Context: I’ve read The Goal, but not analyzed it
The Goal
- two main parts of TOC are goals and focus
- goals that involve a process of ongoing improvement
- aim at throughput, i.e., success at our goal
- to succeed at our goal we need to focus on the things that actually improves towards the goal, i.e., we need to focus on global optima
- global optima improvements improve on parts that hold back other parts of achieving the goal. those parts are called bottlenecks (constraints, limiting factors)
- there’s usually one one bottleneck like there’s only one weakest link in a chain, and the strength of the chain as a whole depends only on the weakest link
- global optima improvements improve on parts that hold back other parts of achieving the goal. those parts are called bottlenecks (constraints, limiting factors)

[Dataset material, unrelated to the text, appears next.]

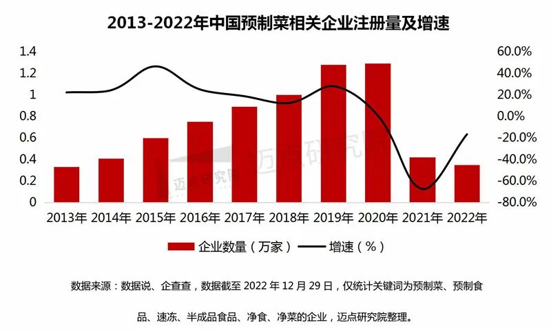 企查查数据显示,截至2022年12月29日,我国现存预制菜相关企业7.59万家。近10年来,我国预制菜相关企业注册量整体呈上升趋势,其中,2018年注册量超过1万家,2019年新增1.28万家,2020年新增1.29万家,2021年新增4212家,2022年新增3470家。不难看出,2020年预制菜相关企业增长势头最猛,2021年和2022年增速下滑。近年来,由于疫情的影响和冷链技术的逐步完善,预制菜行业在餐饮变革和居家消费的推动下迎来行业风口,行业入局者增多,竞争进一步加剧。

- because most improvements are optimizing local optima and are either marginally beneficial, useless or even counterproductive towards our big vision goal
- to succeed at our goal we need to focus on the things that actually improves towards the goal, i.e., we need to focus on global optima
throughput: the whole process of achieving a goal including getting the end. Does that definition of “throughput” work?
In general, there’s only one bottleneck. This is like a metal chain: a chain has only one weakest link.
How do we know it’s like this in general? Why does the chain analogy apply in general? Why not a bunch of things going wrong at about an equal amount?
My guess is that we have just observed this to be the case.
I guess it’s not just in a technical way because there’s rarely two factors that are exactly equally weak. But rather that there’s usually one factor that’s weaker by a substantial margin? Like the weakest link is at 10% while the next weakest link is at 37% rather than 12%. I’m thinking that a situation with one 10% and another at 12% would be a situation with two bottlenecks.
Even if a bunch of things were going wrong, usually one is going the most wrong. so focus on that one and then move on to the other things which were going wrong. maybe we can’t improve the other things until we fix the very weakest link. Maybe fixing the weakest link makes fixing the other weak spots faster.